Monday, November 3, 2008

The Valley's delicious traditions ...

Peter Rose, a nationally-recognized expert in colonial Dutch cooking and food customs, will visit Historic Huguenot Street in New Paltz at 1 p.m. on Sunday (November 9) to talk about the "Dutch Influence on the American Kitchen and Life." She is the author of several books, including Matters of Taste: Food and Drink of Seventeenth Century Dutch Art and Life. She has lectured on Dutch-American culinary history at the Smithsonian Institute, the National Gallery of Art, the Culinary Institute of America, New York University and the New-York Historical Society.

I've had the pleasure of working with Peter (we both once were frequent contributors to the same food magazine) and also of cooking with Peter (years ago she did a daylong open-hearth cooking and baking workshop for a culinary historians group I belonged to at the historic Elmendorph Inn in Red Hook.) She's a fantastic source of information about our region's food culture.

The talk, which is sponsored by the New York State Council on the Humanities, is offered free of charge.

Here is more information about the program:

The region's earliest settlers, the Dutch, left a lasting mark on the Hudson Valley and on America's kitchen.
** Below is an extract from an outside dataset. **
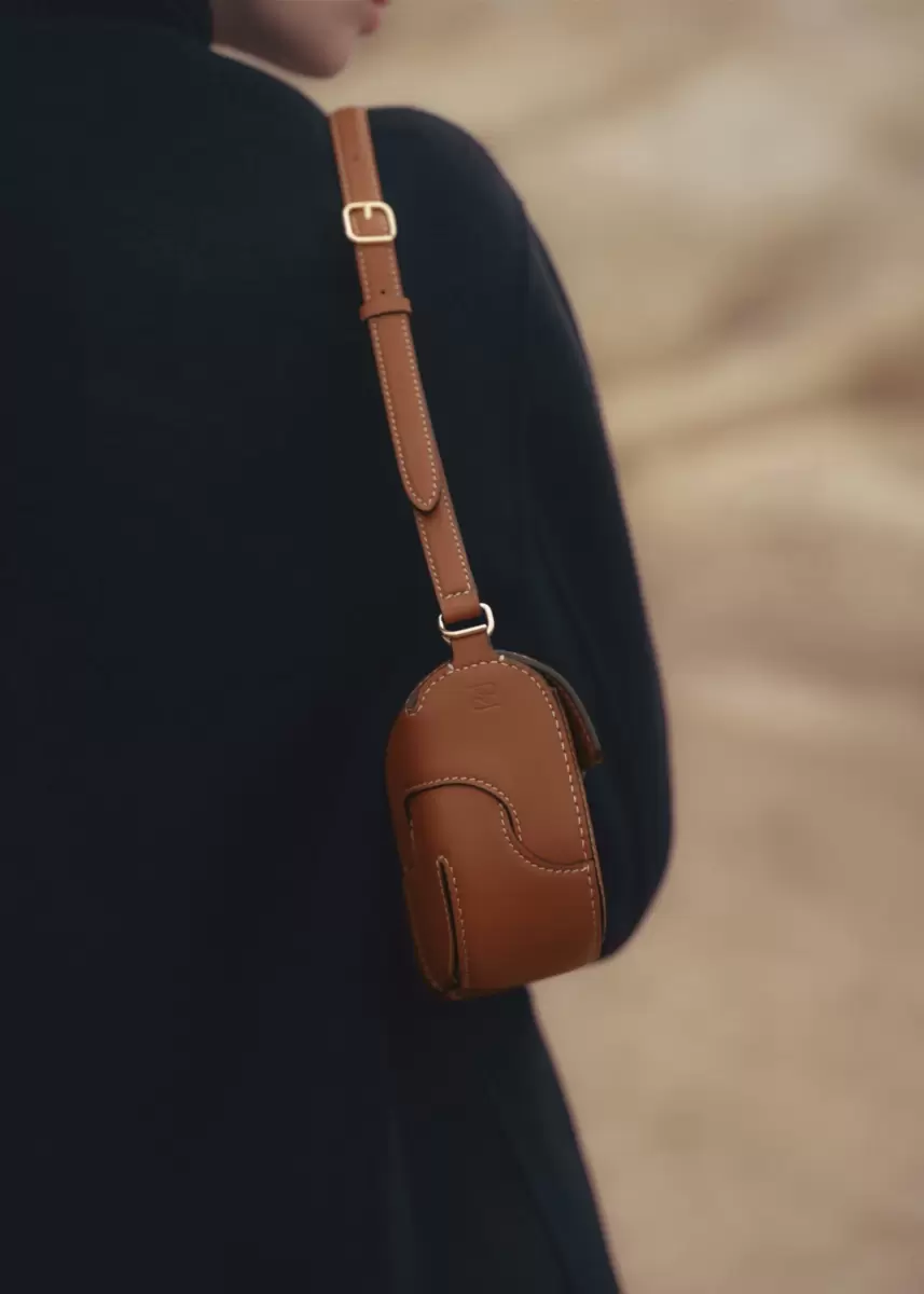The Osmo model’s design is constructed using mirrored leather segments that interlock to form a symmetrical whole. With its flap closure, this finely made bag is cut from smooth nappa calf leather, known for its natural beauty and distinctive feel, which covers the bag’s interior and exterior. The adjustable shoulder s

Rose will explore the foods and culinary customs brought to America by the Dutch more than three centuries ago. She will also talk about the ways in which foods and cooking were adapted to the circumstances settlers found in New Netherland. Finally, she will also talk about how these Dutch customs influenced our American cuisine and the last impact this influence has on us today.
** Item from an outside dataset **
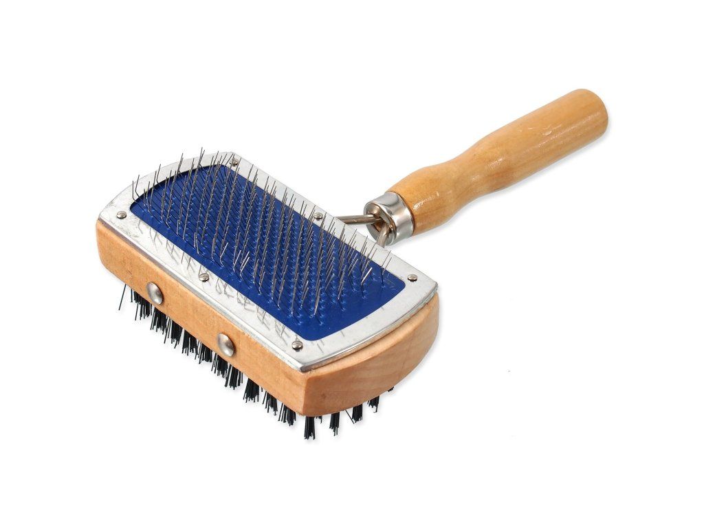 Dřevěný oboustranný kartáč pro malé a střední psy.

"Food is integral to the American culture, something which, despite the many differences in our multicultural society, we all share," says Eric Roth, the executive director of Historic Huguenot Street, "What is less known, however, is how many of the foods we love and share today have their roots in the colonial Dutch period of the 1600s."


The talk begins at 1 p.m. in Deyo Hall on the Historic Huguenot Street site in downtown New Paltz. Deyo Hall is located on Broadhead Avenue between Huguenot and North Chestnut Streets.